*** Block opens ***

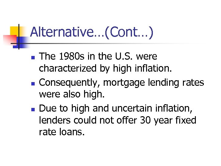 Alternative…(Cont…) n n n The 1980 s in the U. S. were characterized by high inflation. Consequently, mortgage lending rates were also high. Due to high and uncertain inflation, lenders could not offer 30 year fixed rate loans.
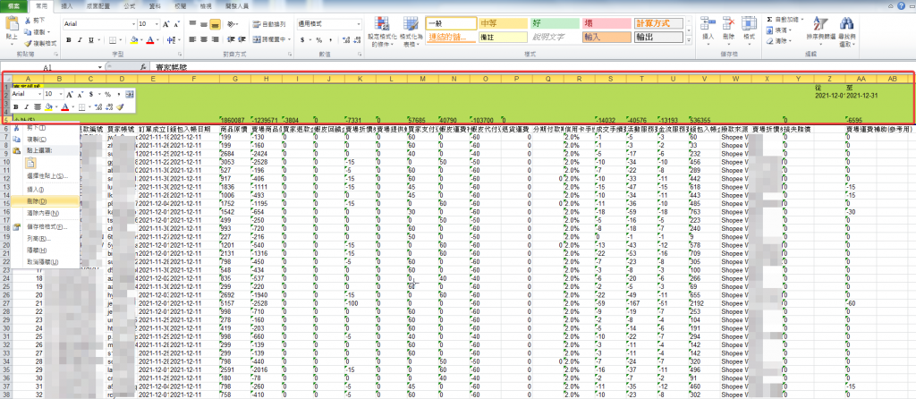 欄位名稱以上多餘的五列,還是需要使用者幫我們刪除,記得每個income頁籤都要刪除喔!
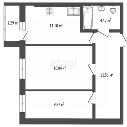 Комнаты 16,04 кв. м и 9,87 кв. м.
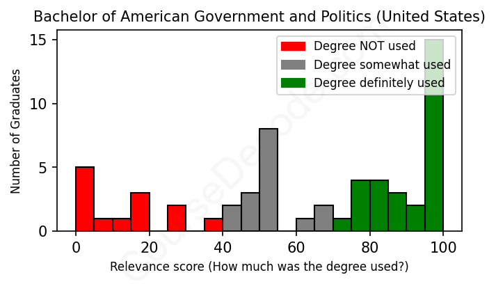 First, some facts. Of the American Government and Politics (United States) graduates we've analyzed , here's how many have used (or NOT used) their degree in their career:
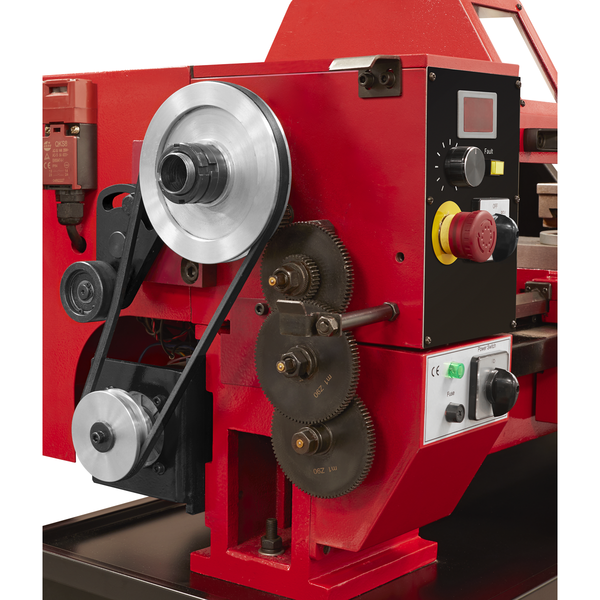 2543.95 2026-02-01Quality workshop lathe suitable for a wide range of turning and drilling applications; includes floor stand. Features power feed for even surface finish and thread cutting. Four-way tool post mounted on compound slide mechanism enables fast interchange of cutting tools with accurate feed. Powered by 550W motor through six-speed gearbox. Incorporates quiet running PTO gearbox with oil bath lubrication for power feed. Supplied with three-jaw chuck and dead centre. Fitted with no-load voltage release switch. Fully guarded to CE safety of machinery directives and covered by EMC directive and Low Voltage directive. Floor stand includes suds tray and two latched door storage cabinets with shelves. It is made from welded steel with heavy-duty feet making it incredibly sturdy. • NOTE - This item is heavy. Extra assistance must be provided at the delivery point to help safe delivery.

*** Block closes ***

• ACTIVITY: What are the lines in the records above, word for word, from the one containing "Комнаты 16,04 кв. м и 9,87 кв. м." through the one containing "First, some facts.", both ends included and pictures left out?

• ANSWER TO THE PROBLEM:
 Комнаты 16,04 кв. м и 9,87 кв. м.
 First, some facts. Of the American Government and Politics (United States) graduates we've analyzed , here's how many have used (or NOT used) their degree in their career:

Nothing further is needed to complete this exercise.